With the pictures removed, the data below must be transcribed in full and exactly.

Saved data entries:
------------------------------------

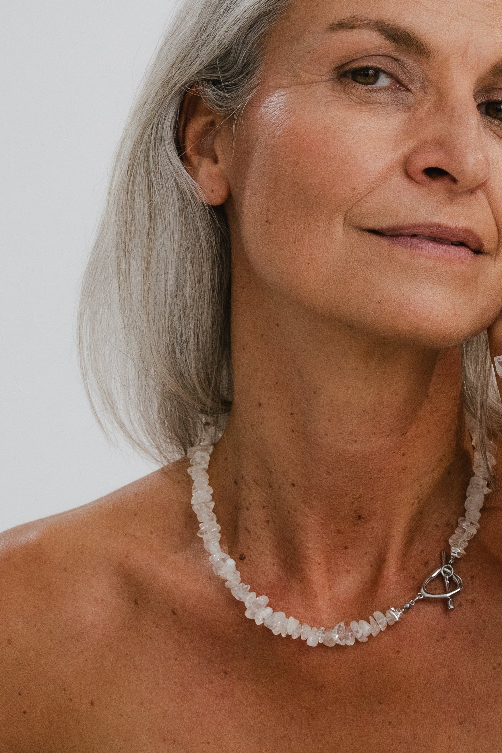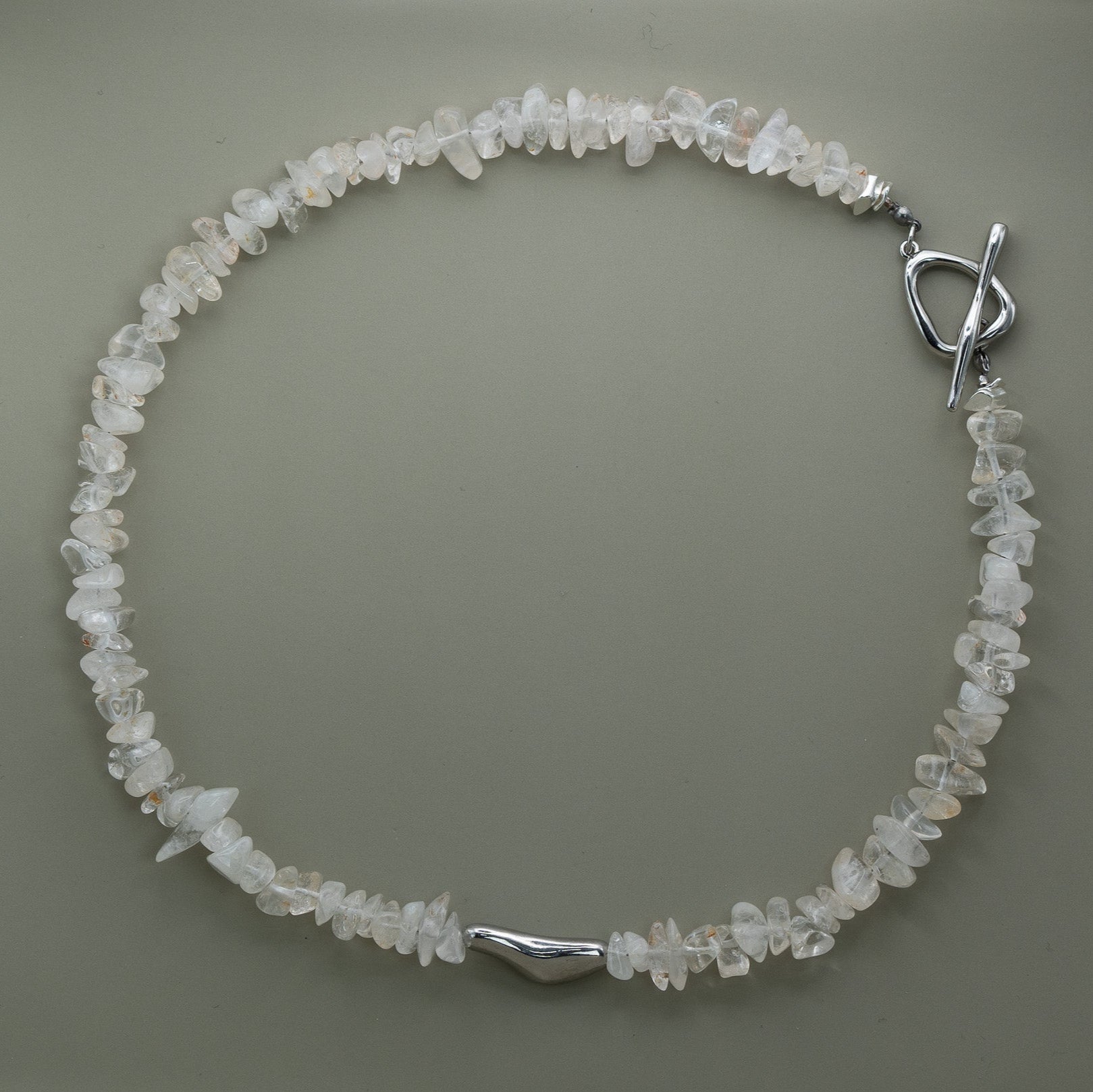 Diese Kette vereint die Klarheit des echten Bergkristalls mit einem eleganten, silberfarbenen Knebelverschluss. Die f...
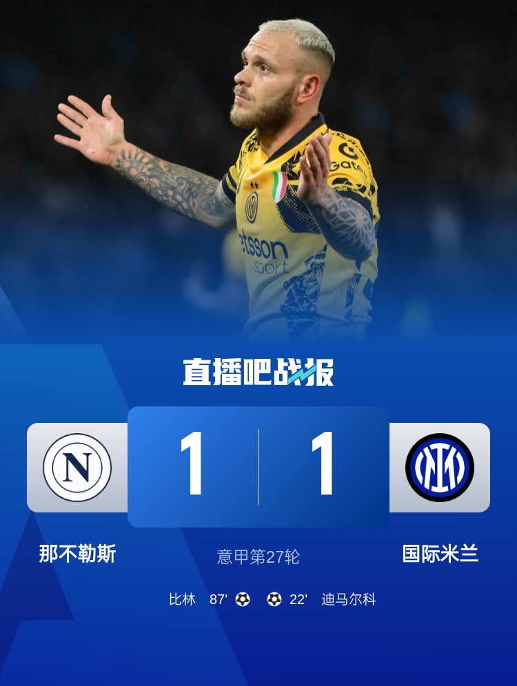 意甲積分榜:天王山之戰1-1收場(chǎng),國米仍居榜首,那不勒斯第二
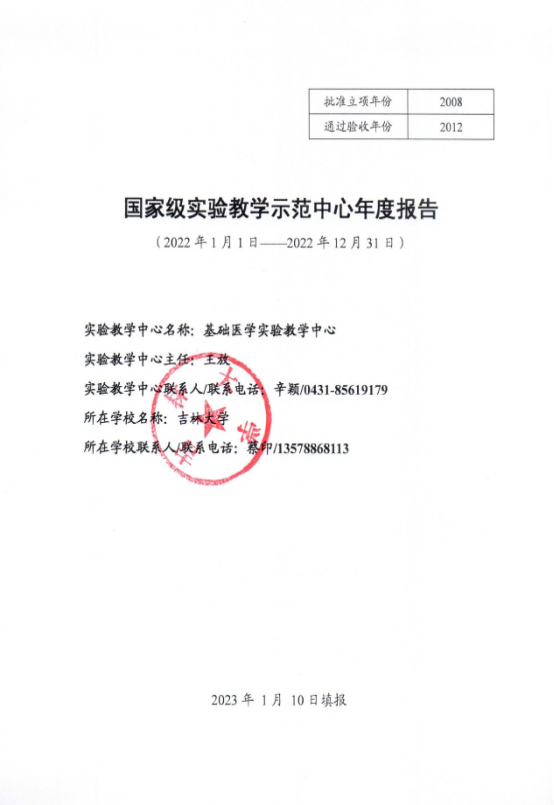 4.中心王放教授被聘任为高等学校国家级实验教学示范中心联席会基础医学组副组长,吉林大学为副组长单位。
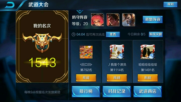 今天我发现武道大会一个套路,就是用安琪拉宫本吕布可以速度上排名,我们都知道现在吕布的大招跳起来的时候免疫伤害,当然对于我们宫本党来说还是比较喜欢宫本的大招~额⊙∀⊙!扯远了
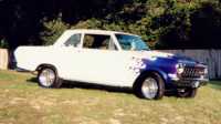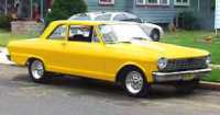 This is Don Berry's 1964 Chevy II sedan. Originally it had a 194 straight 6 with a 3-speed manual trans and only one option - an AM pushbutton radio. Don has recently installed a 355-hp ZZ4 small block with Corvette 2.5" Rams-Horns manifolds and 2.5" dual Flowmaster exhaust. Also added were a Centerforce clutch, an Auburn posi and disc brakes. It is a no rust, California car with original paint that Don uses as a commuter. The original bench seat has been replaced with Camaro buckets. Check out his webpage for more pics.
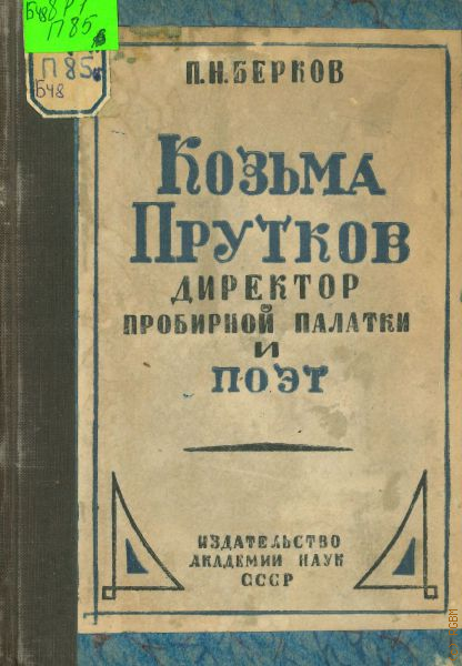 Берков П.Н., Козьма Прутков директор пробирной палатки и поэт. К истории русской поэзии — 1933

------------------------------------

## Task response
 Diese Kette vereint die Klarheit des echten Bergkristalls mit einem eleganten, silberfarbenen Knebelverschluss. Die f...
 意甲積分榜:天王山之戰1-1收場(chǎng),國米仍居榜首,那不勒斯第二
 4.中心王放教授被聘任为高等学校国家级实验教学示范中心联席会基础医学组副组长,吉林大学为副组长单位。
 今天我发现武道大会一个套路,就是用安琪拉宫本吕布可以速度上排名,我们都知道现在吕布的大招跳起来的时候免疫伤害,当然对于我们宫本党来说还是比较喜欢宫本的大招~额⊙∀⊙!扯远了
 This is Don Berry's 1964 Chevy II sedan. Originally it had a 194 straight 6 with a 3-speed manual trans and only one option - an AM pushbutton radio. Don has recently installed a 355-hp ZZ4 small block with Corvette 2.5" Rams-Horns manifolds and 2.5" dual Flowmaster exhaust. Also added were a Centerforce clutch, an Auburn posi and disc brakes. It is a no rust, California car with original paint that Don uses as a commuter. The original bench seat has been replaced with Camaro buckets. Check out his webpage for more pics.
 Берков П.Н., Козьма Прутков директор пробирной палатки и поэт. К истории русской поэзии — 1933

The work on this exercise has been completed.